Caching RSS Feeds With PyBlosxom

Mon, Dec 6, 2004 with tags meta

It’s getting to the point where I need to stop doing server generation for my RSS feed whenever it is requested. Mainly because RSS seems to be eating a majority of my bandwidth and doing the server side generation doesn’t give an etag or a last modified date, this makes conditional get broken when people try to fetch my feed. Fortunately, Apache can handle this stuff if I do a static file.

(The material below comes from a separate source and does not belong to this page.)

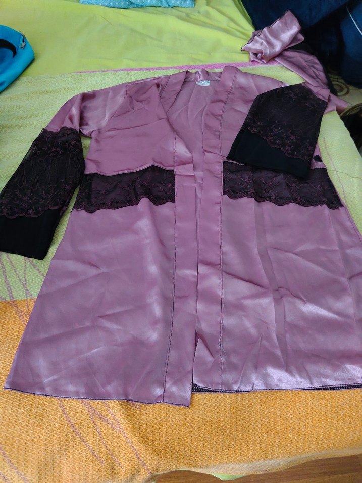 Mor renkli, uzun kollu ve bol kesim bohem tarzda kadın gecelik. Koyu dantel detaylarıyla rahat ve şık bir görünüm sunar.

I’m getting sick of hacking up PyBlosxom, so I decided to do this using some mod_rewrite voodoo and a cron job. The first thing that you’ll need is a cron job to periodically request the feed. This is how I have my entry:

0 * * * * cd /home/patrick/Documents/www ; wget http://patrick.wagstrom.net/weblog/index.rss --user-agent="Cacher" > /dev/null ; if [ -f index.rss.1 ]; then mv index.rss.1 index.rss; fi

This fetches the feed once an hour and saves a copy in my root directory for my web server. You’ll notice that I tell WGet to use a special user agent that I call “Cacher” to fetch the document. Next we need some mod_rewrite foo to change it all around.

:::apache
    	RewriteCond %{HTTP_USER_AGENT} !Cacher
            RewriteRule ^/weblog/index.rss /index.rss [L]

This looks at the user agent of the request and sees if it is not “Cacher”, if that is true, then it redirects silently to the cached file. Now, this may create some small delay in geting my feed updated, but it should also reduce the overall bandwidth consumption of my RSS feeds. Sigh, just another sign I need to finish Priblog.